Épistémologie des approches biographiques

10e édition du Séminaire du CERF

Fribourg, le vendredi 13 décembre 2019 de 9h00 à 12h15 / Salle LIP - C-01.109 (Regina Mundi)

 

Programme en version PDF

Les sciences de l’éducation sont confrontées à de nombreux défis méthodologiques parmi lesquels la complexité des situations étudiées et la prise en compte de la subjectivité des acteurs qui les vivent.
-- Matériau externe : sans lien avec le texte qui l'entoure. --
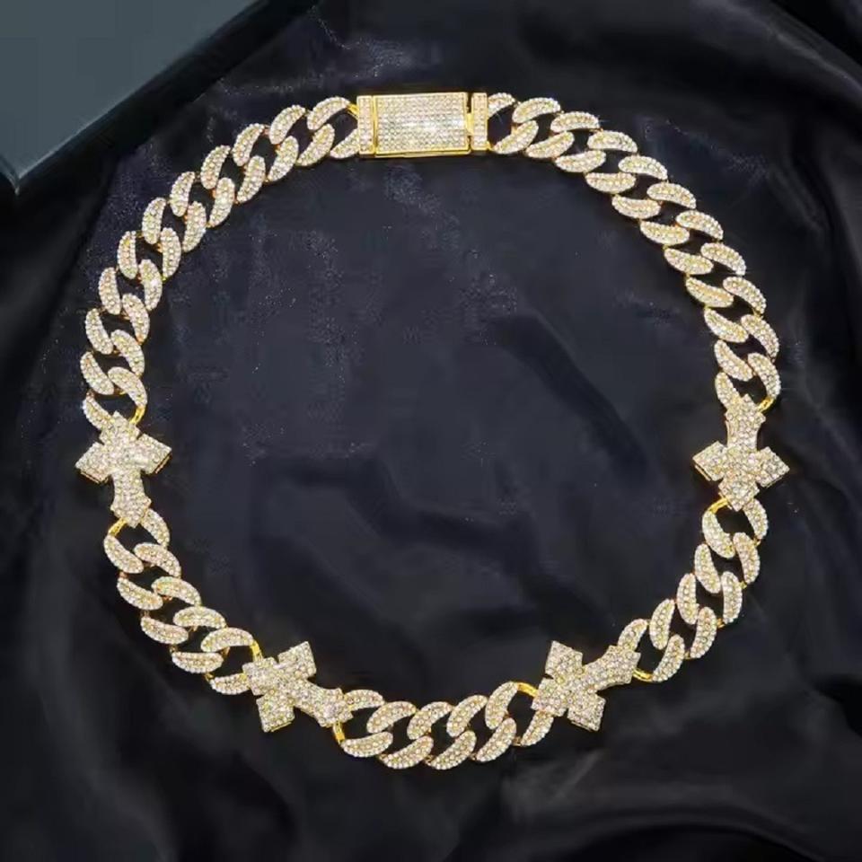 Cadena de eslabones cubanos helados Hip Hop moda oro blanco collar de diamantes cubanos con certificado IGI joyería de oro rosa
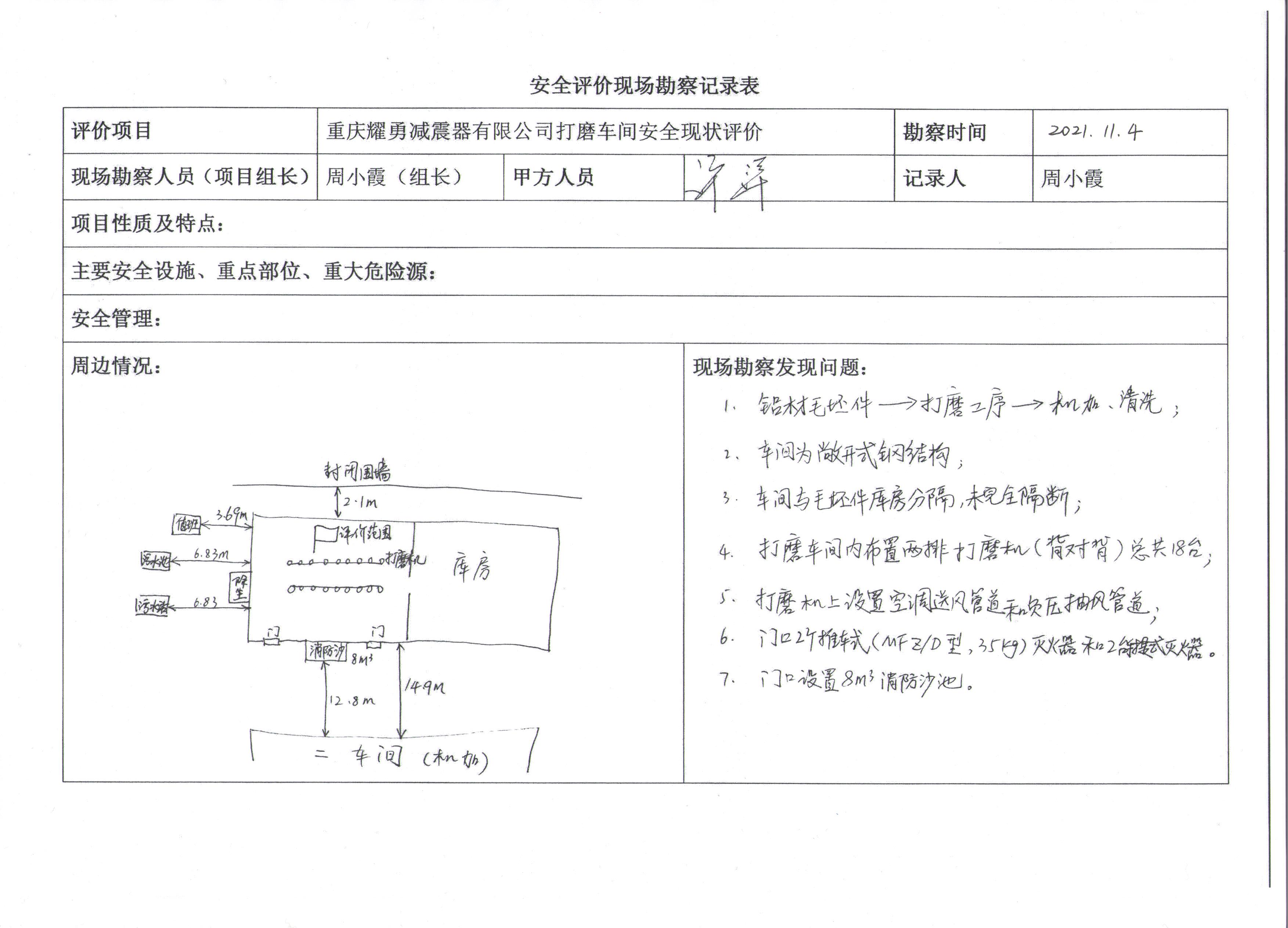 項目名稱 | 重慶耀勇減震器有限公司打磨車間安全現(xiàn)狀評價報告 | 合同編號 | DA(渝)-PJ-2021004 | |||||
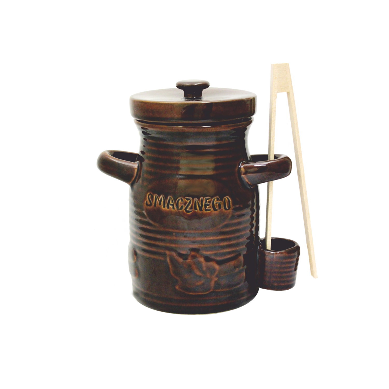 Pratique récipient en céramique de 3,5 l pour la fermentation et le stockage à la maison. Grâce à la céramique de qualité et à sa surface non toxique et résistante aux acides, il crée des conditions optimales pour la fermentation et préserve la saveur naturelle ainsi que la qualité des aliments. Il comprend une poche pratique pour pince et une pince en bois de 22 cm pour un retrait hygiénique.
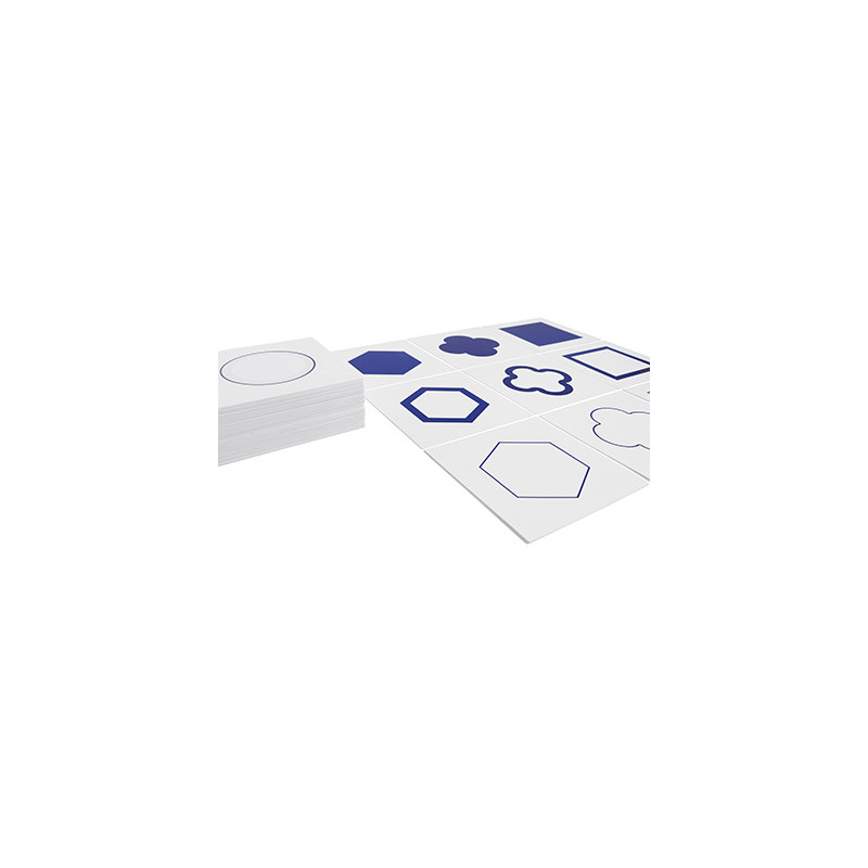 I Cartellini delle Figure Geometriche comprendono 3 serie di 35 cartellini corrispondenti alle figure contenute negli Incastri delle Figure Geometriche: una serie raffigura le forme geometriche con il bordo sottile, una con il bordo spesso e l'altra raffigura figure geometriche piene. (Schedario venduto separatamente)
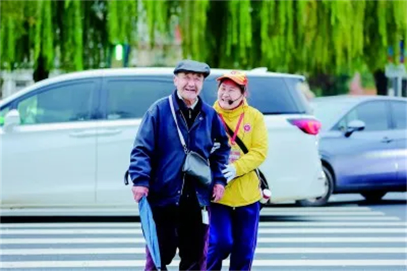 文明引导员帮助老年人过马路。
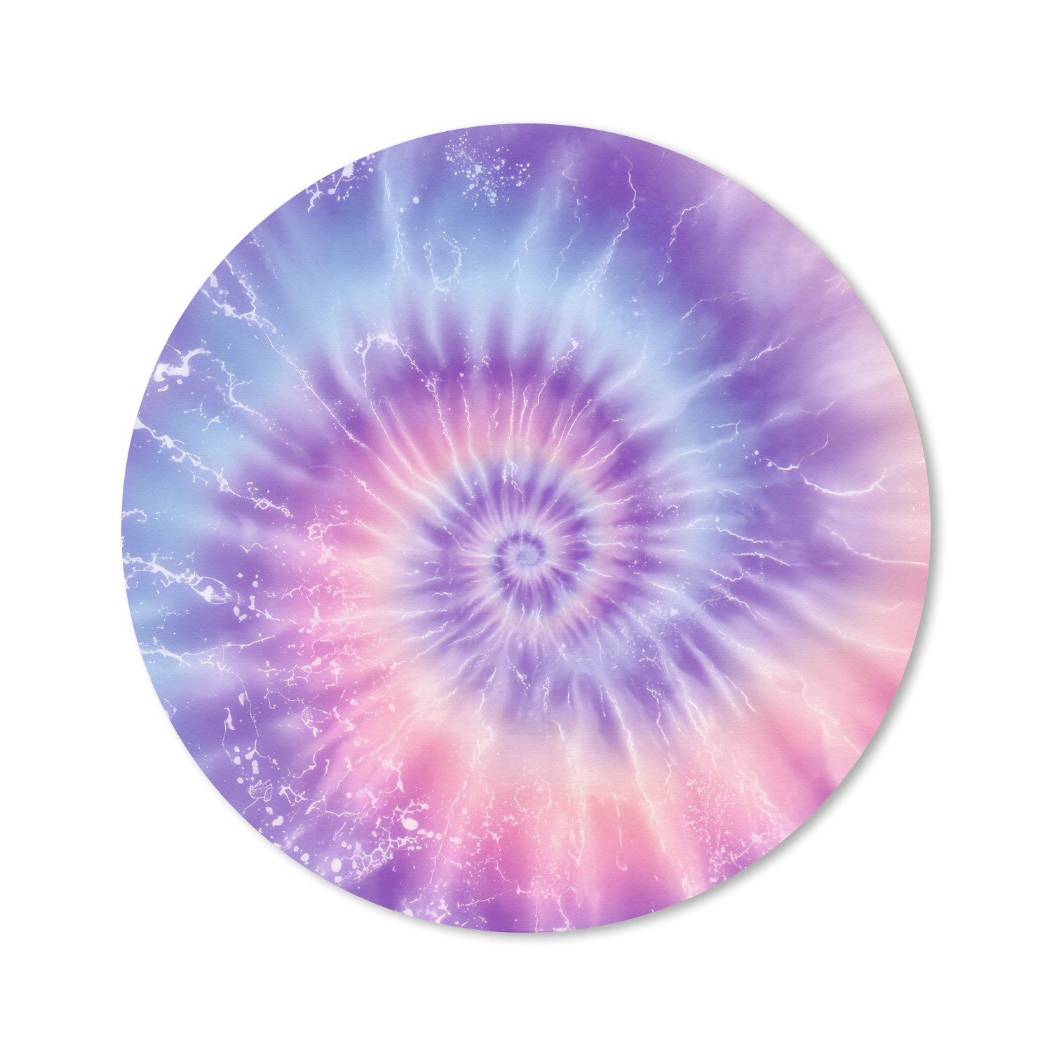 Klassische Tie-Dye-Spirale in sanften Pastelltönen. In der Mitte beginnt die Spirale mit blassem Rosa und geht zu den Rändern hin in blasses Gelb, sanftes Blau, Lavendelviolett und rosa Töne über. Die Textur hat einen bürstenartigen Effekt, der ihr ein weiches, fast wolkenartiges Aussehen verleiht. Die Farben fließen subtil ineinander und schaffen eine verträumte und beruhigende Atmosphäre.
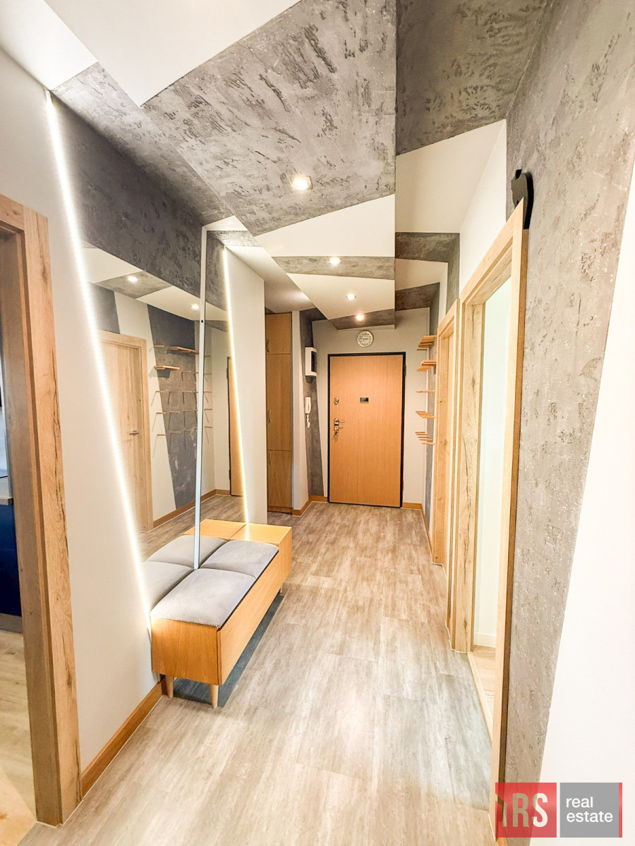 W przedpokoju znajduje się szafa wykonana na wymiar, podobnie jak meble w całym mieszkaniu - wszystko zaprojektowane z myślą o maksymalnym wykorzystaniu przestrzeni i estetyce.
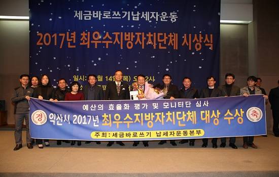 [프라임경제] 익산시(시장 정헌율)는 세금바로쓰기납세자운동본부(대표 김성호, 전 법무장관)가 전국 243개 지방자치단체 대상으로 실시한 예산의 효율화 평가 부문에서 2017년 최우수지방자치단체 '대상'으로 선정됐다고 14일 밝혔다. 정헌율 시장은 이날 서울 한국프레스센터에서 개최된 시상식에서 대상 기관표창을 받았다.
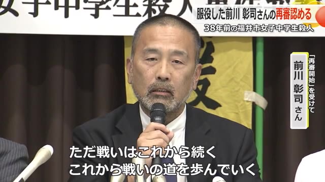 38年前に福井市内で起きた女子中学生殺人事件で、福井市の前川彰司さんが逮捕され、最高裁で有罪判決が確定し7年間服役しました。この判決は冤罪だとして、弁護団が裁判のやり直しを求めた二度目の再審請求で、名古屋高裁金沢支部は23日、再審開始を決定しました。
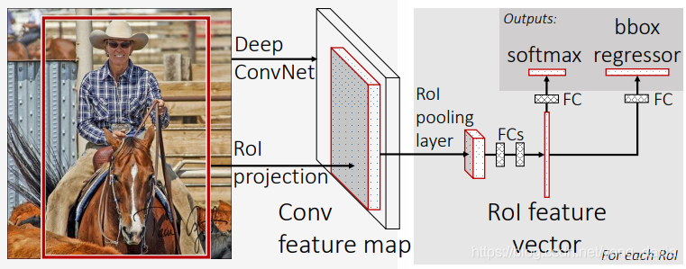 - 直接对输入图片深层卷积提取特征, 在特征上进行选择性搜索获取ROI, 这样只用提取一次特征, 原来需要2000次.即一次提取特征+多任务学习.
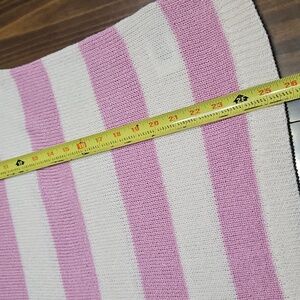 Stylish knit top with pink and white stripes. Perfect for casual wear.
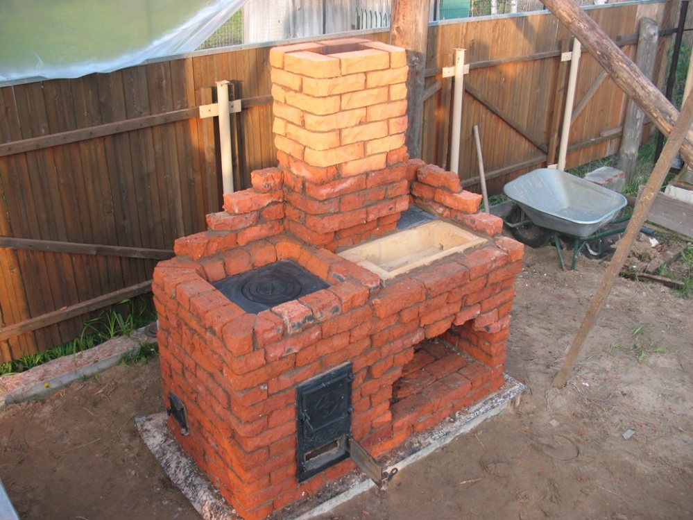 Справа - топка мангала, футерованная шамотом на ребро, кмк.
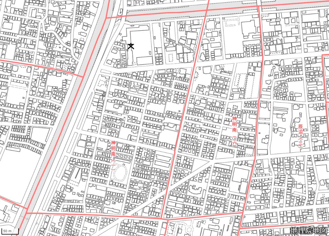 地図の内容は国土地理院が作成した時点の情報を反映しており、実際の現況とは異なる場合があります。現在は存在しない建物や道路、新たに整備された施設などが含まれることがありますので、あらかじめご了承ください。
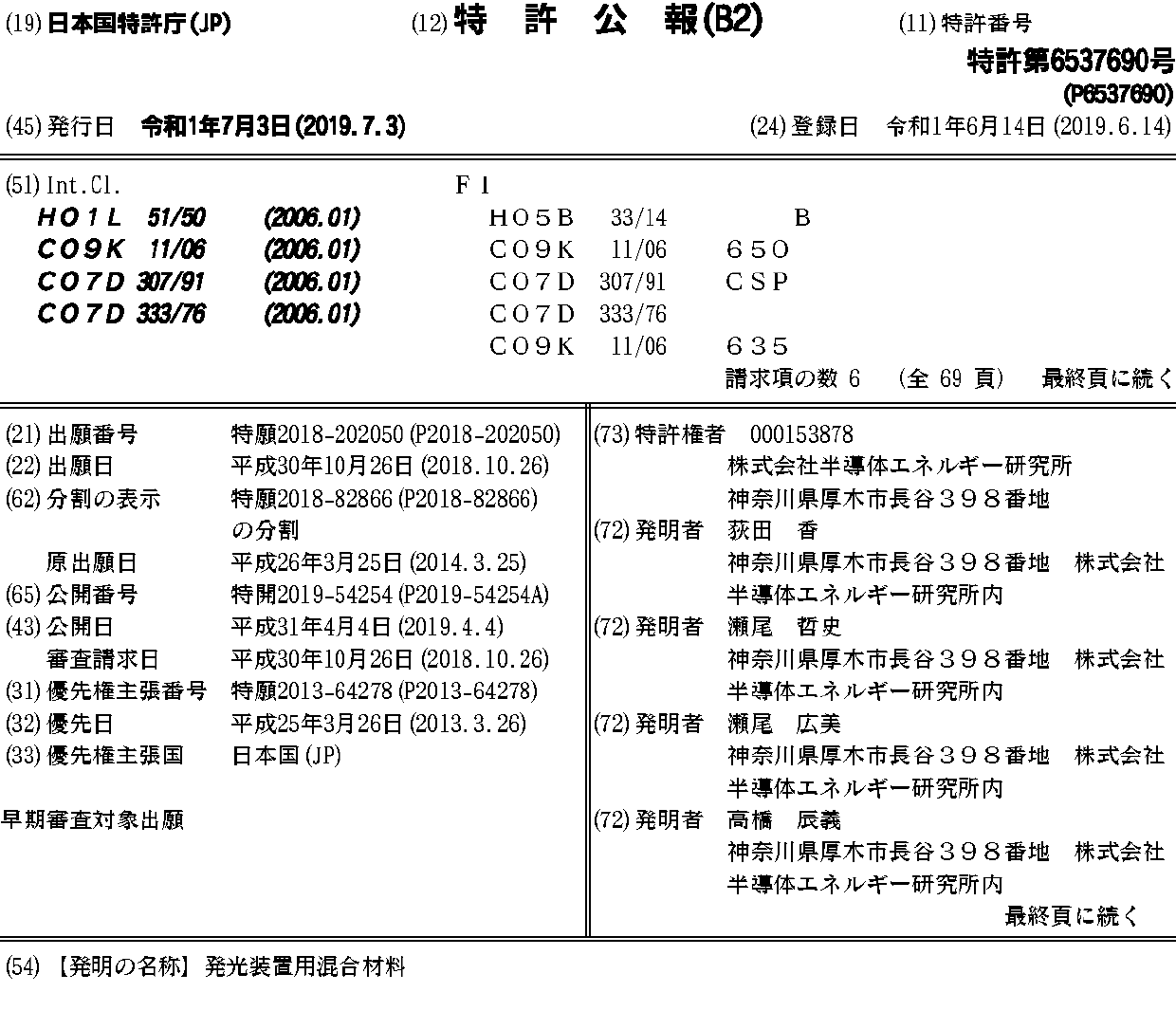 JP2014208621A | JP2014208621A5 | JP2018129543A | JP2019033292A | JP2019033293A | JP2019054253A | JP2019054254A | JP2019218367A | JP6333009B2 | JP6488046B2 | JP6488054B2 | JP6488055B2 | JP6537690B2 | JP6568993B2 | KR1020150135289A | KR1020180123593A | KR1020190119684A | KR102034819B1 | KR102136040B1 | TW201504219A | TW201741291A | TWI603964B | TWI620742B | US10347847 | US10446766 | US20140291643A1 | US20170256724A1 | US20190088886A1 | US20200111975A1 | US9634263 | WO2014157018A1
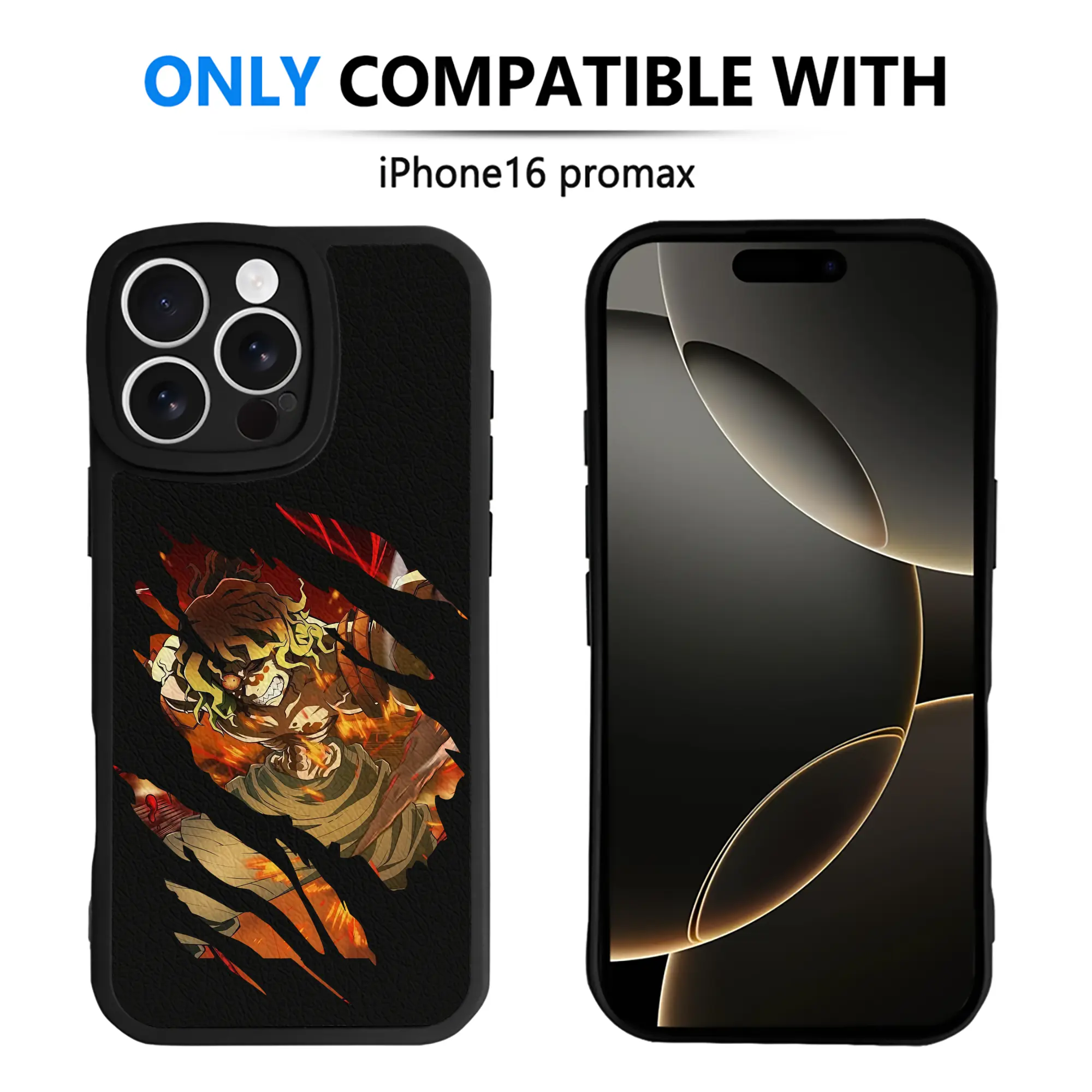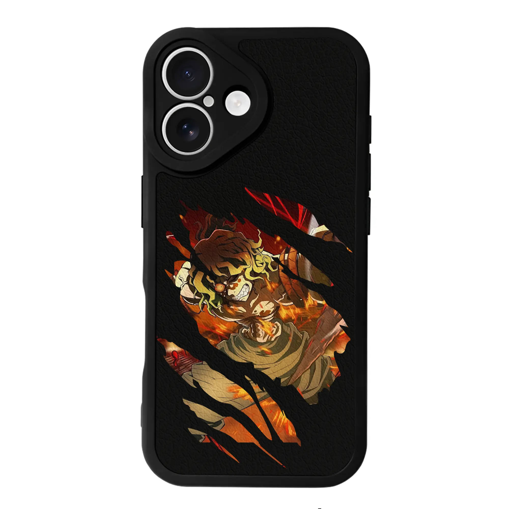 鬼滅の刃 グッズ,妓夫太郎 - IPhone 16シリーズ対応 ・ シリコンスマホケース ・ レザー調 ・ 高精度フィット ・ 耐衝撃 ・ ワイヤレス充電対応 ・ 精密カット

De nombreuses démarches qualitatives envisagent la récolte et l’analyse de données sous l’angle particulier de ce paradigme interprétatif, et notamment l’analyse biographique parfois appelée « récit de vie » ou « histoire de vie ». Celle-ci tente en effet de relever ces défis en proposant des méthodes qui, dès leur origine, se sont construites sur une critique des méthodes quantitatives et du positivisme de certaines analyses statistiques (Bertaux, 1980, 1997). Ces méthodes empruntent à l’histoire et à la sociologie de l’école de Chicago (Peneff, 1990) pour mener « l’analyse d’un récit par un acteur sur des événements qu’il a vécus » (Wacheux, 1996 p. 127) sur la base d’un « discours (…) provoqué par le chercheur ».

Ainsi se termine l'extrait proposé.